Despacho da vereadora Helena Roseta relativo aos critérios de realojamento do Bairro Padre Cruz , rectificado no ponto 2.6 pelo despacho 2/GVHR/2011

1. Introdução
A requalificação do Bairro Padre Cruz tem sido inscrita em Plano de Actividades da CML desde há vários anos. Com a aprovação da candidatura ao QREN, através do Programa “Parcerias para a Regeneração Urbana – Bairros Críticos”, em 11 de Agosto de 2009, pela Comissão Directiva do POR Lisboa, no âmbito dos artigos 9º e 11º do Regulamento específico “Política das cidades – Parcerias para a Regeneração Urbana”, iniciou-se uma nova fase do processo, que envolve várias entidades.

Este processo carece de ser devidamente acompanhado pelos moradores, que são os principais interessados na requalificação do bairro pela qual esperam há muitos anos. Importa também promover o envolvimento das instituições locais, nomeadamente o Grupo Comunitário do Bairro Padre Cruz como espaço privilegiado de partilha de informações e de debate.

Com esse fim foi criado, pelo Despacho conjunto 118/P/2010, de 22 de Abril de 2010, o GABIP Padre Cruz – Grupo de Apoio ao Bairro de Intervenção Prioritária Padre Cruz, constituído por 6 membros, em representação DMH, Direcção Municipal de Habitação, da DMPU, Direcção Municipal de Planeamento Urbano, da DMAU, Direcção Municipal de Ambiente Urbano, da DMASED, Direcção Municipal de Acção Social, Educação e Desporto, da GEBALIS e da EPUL. A coordenação do GABIP Padre Cruz é garantida pelo representante da DMPU. Pelo mesmo despacho foi criada a Comissão Executiva do Bairro Padre Cruz, de 8 membros, composta pelos membros do GABIP Padre Cruz, o Presidente da Junta de Freguesia de Carnide e a Presidente da Associação de Moradores do Bairro Padre Cruz.

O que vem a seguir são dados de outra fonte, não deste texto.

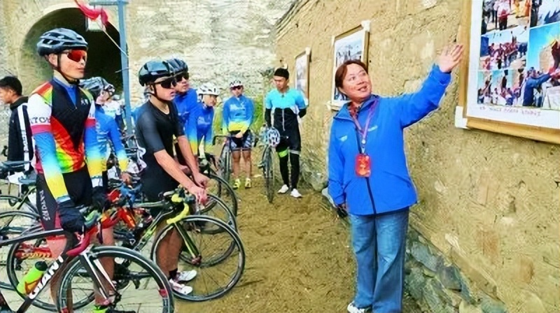 长城卫士”袁建琴在为骑行车手讲解长城摄影展照片背后的长城故事。资料图片
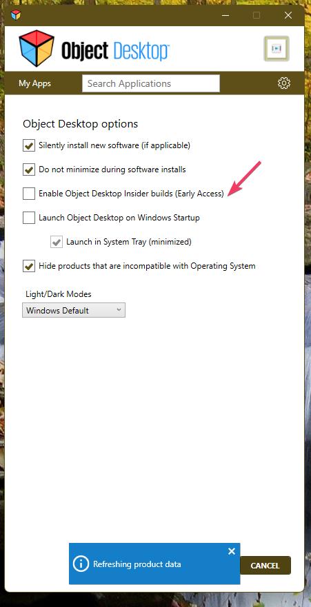 Many programs don't show in object desktop insider. Several programs that were bought before installing object desktop only show but you can't start them or configure them, you have to goto the individual program to start. You can't even do a FORCE update in object desktop only automatically by setting time & day. Sorry but my PC is not on 24/7.
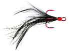 Feathered trailers are known fish stimulators that give more natural action to top waters, ripbaits, and crankbaits. These trailers are tied on premium Owner Hooks with the exclusive black Chrome finish. The hooks have a touch of metallic flash in them to really attract attention. The feathers are securely tied and glued in place, so they won't fall apart on you after hooking a few fish.
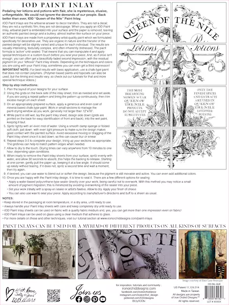 When you apply an IOD paint inlay, artisanal paint is embedded into your service in the paper is removed, leaving an authentic painted design and a buttery almost leather like surface on your piece. IOD paint and lays are made from a proprietary artist quality paint which we formulated specifically for decorative use. They are organic in nature and the transfer of the painted design will be slightly varied and unique for each individual.

O processo de requalificação do bairro envolve um processo de loteamento e a construção de 960 fogos novos na zona do actual bairro conhecida como “bairro de alvenaria”, bem como a construção de uma residência assistida financiada pelo QREN. Prevê-se a demolição faseada, com realojamento no próprio bairro, dos moradores da zona de alvenaria, para libertar o terreno necessário à construção dos fogos novos e da residência assistida.

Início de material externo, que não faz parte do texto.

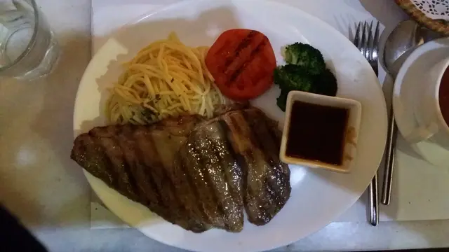 起初是看到openrice的食評有這麽多,所以才入來試試。一到來,環境不錯,雖然店舖比較細小,但裝修不錯。這裡的價錢也非常大眾化,絕不會太貴。首先來的是這個沙律,光看賣相已經不錯,味道也很好。而且,廚師亦非常細心地把橄欖油和黑醋用一個器皿放左碟上,好讓客人可以自由選擇在吃沙律時要不要橄欖油和醋。上菜的速度亦頗快。因為我們還未吃完之際,之後的,亦不停端上。但桌子是完全容不下這麽多的東西。接著就是上了雜菜湯,平平無奇。我和友人心想這個晚餐的開頭這麽好,之後的主菜亦會相當不錯。上主菜的時間,光看賣相是不錯。但我們明明是點了5成熟,卻來了7成。這樣亦不打緊。重點是整碟都是冷的,而且牛扒的肉是堅韌無比,很難很難才切得到小許。結果我們都吃不下,而且雙手非常疲倦。最後,跟餐亦有一杯飲品和甜品。我們只是點了凍檸檬茶,沒有茶味,而蛋糕也有點怪味。我想下次也不會再來了。…查看更多

Este processo pode ainda demorar alguns anos, dependendo da capacidade de mobilização de recursos por parte da CML. Foi assim definida como prioritária a intervenção na fase A0, delimitada pelas ruas Rua Rio Arade, Nº2 a 20, Rua Rio Torgal, Nº1 a 19 e 22 a 40 e Rua Rio Lena, Nº21 a 39 e 42 a 60, onde residem actualmente 44 agregados e onde deverá ser construída a residência assistida; seguir-se-á a fase A1, delimitada pelas ruas Rua do Rio Vez, n.º2 a 20, Rua do Rio Lima n.º 2 a 40 e n.º 1 a 19, Rua Rio Dão n.º1 a 39 e n.º2 a 40 e Rua do Rio Ceira n.º1 a 39 onde começarão a ser construídos os primeiros fogos novos e onde residem actualmente 57 agregados.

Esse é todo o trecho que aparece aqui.